From: Terje Mathisen on
John Mashey wrote:

> Eliot Miranda wrote:
>
>>John Mashey wrote:
>>Code sequences for polymorphic add/sub or compare would then look like
>>
>> fetch operand one
>> fetch operand two
>> tagged add/sub
>> branch no overflow Ldone
>> code for non-tagged & overflow cases (method lookup)
>> ...
>>Ldone:
>
>
> Just out of curiosity, what's known about the dynamic frequencies of
> the tweo cases?

It doesn't really matter:

The amount of code needed in the overflow case is so vastly larger than
for regular ("small") ints that it will always be a win to do it this way.

I.e. even if you only had 10% small ints, the savings possible by being
able to handle these with 2-3 inline instructions is enough to make it a
good idea.

In reality, due to the need for things like array and loop indices,
small adds will probably be a _lot_ more common than the bigint kind.

The x86 INTO style single-byte trap would be the best possible way to
handle it as long as you also had the fast user-level trap handler you
wished you had been able to fit into MIPS architecture:

You could compile code to be nearly as compact as for C ints, keeping
good locality etc, while still handling the bigint operations just a
little bit slower than if you called bigint library functions directly.

Terje
--
- <Terje.Mathisen(a)hda.hydro.com>
"almost all programming can be viewed as an exercise in caching"
From: John Mashey on

Terje Mathisen wrote:
> John Mashey wrote:
>
> > Eliot Miranda wrote:
> >
> >>John Mashey wrote:
> >>Code sequences for polymorphic add/sub or compare would then look like
> >>
> >> fetch operand one
> >> fetch operand two
> >> tagged add/sub
> >> branch no overflow Ldone
> >> code for non-tagged & overflow cases (method lookup)
> >> ...
> >>Ldone:
> >
> >
> > Just out of curiosity, what's known about the dynamic frequencies of
> > the tweo cases?
>
> It doesn't really matter:

Well, actually it does (in general, perhaps not in this case), which is
why I asked.
Statistical frequencies *always* matter, at least in the sense that
while it may not matter much if something happens 45 or 50% of the
time, it may matter whether it happens 10% or 1% or .1% or .0000001%.

For example, this whole thread started on overflow. Many vendors chose
to have condition codes and branch-on-overflow, which in fact meant
that the ~100% of executions that did not overflow either paid for
having a bunch of useless branch tests, or else left them out. A few
of us decided that trap-on-overflow was perfectly adequate, even if it
meant that the handling was more complex when it did happen.

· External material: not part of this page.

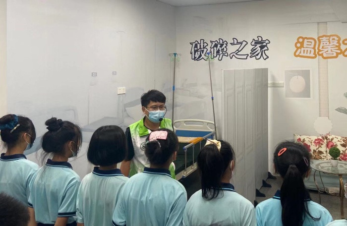 接著,同學(xué)們?cè)诮巨k梁社工的帶領(lǐng)下,來到模擬KTV、監(jiān)獄實(shí)地等感受吸毒帶來的巨大危害。隨后,全體同學(xué)進(jìn)行禁毒宣誓,堅(jiān)決牢記歷史使命,弘揚(yáng)硝煙精神,自覺抵制毒品誘惑。最后,全體學(xué)生觀看禁毒視頻,直觀、詳實(shí)的內(nèi)容介紹,讓孩子們更加直觀地了解毒品以及吸食毒品帶來的危害性。

Anyway, philosophically, I suspect that in this case you are right,
BUT:
a) Human intuition is notoriously bad about such things.
b) Given a choice of guessing about numbers or {measuring | asking
somebody who knows} I'll take the latter. Guessing is only for when
you just can't get the data in a reasonable cost or time.
c) This class of feature, and the chocie of the specific design turn
out to depend a great deal on:
- The existing ISA, if any, that one is adding onto. Specifically,
branch architectures differ quite a bit, and the approach for this
would likely differ.
- The feature design would also likely depend somewhat on the sorts of
pipeline implementations you expect, say roughly: single-issue,
multiple-issue in-order, and multiple-issue out-of order, and also, the
general approach to branch prediction.

So anyway, what do we actually *know* abotu the relative frequencies?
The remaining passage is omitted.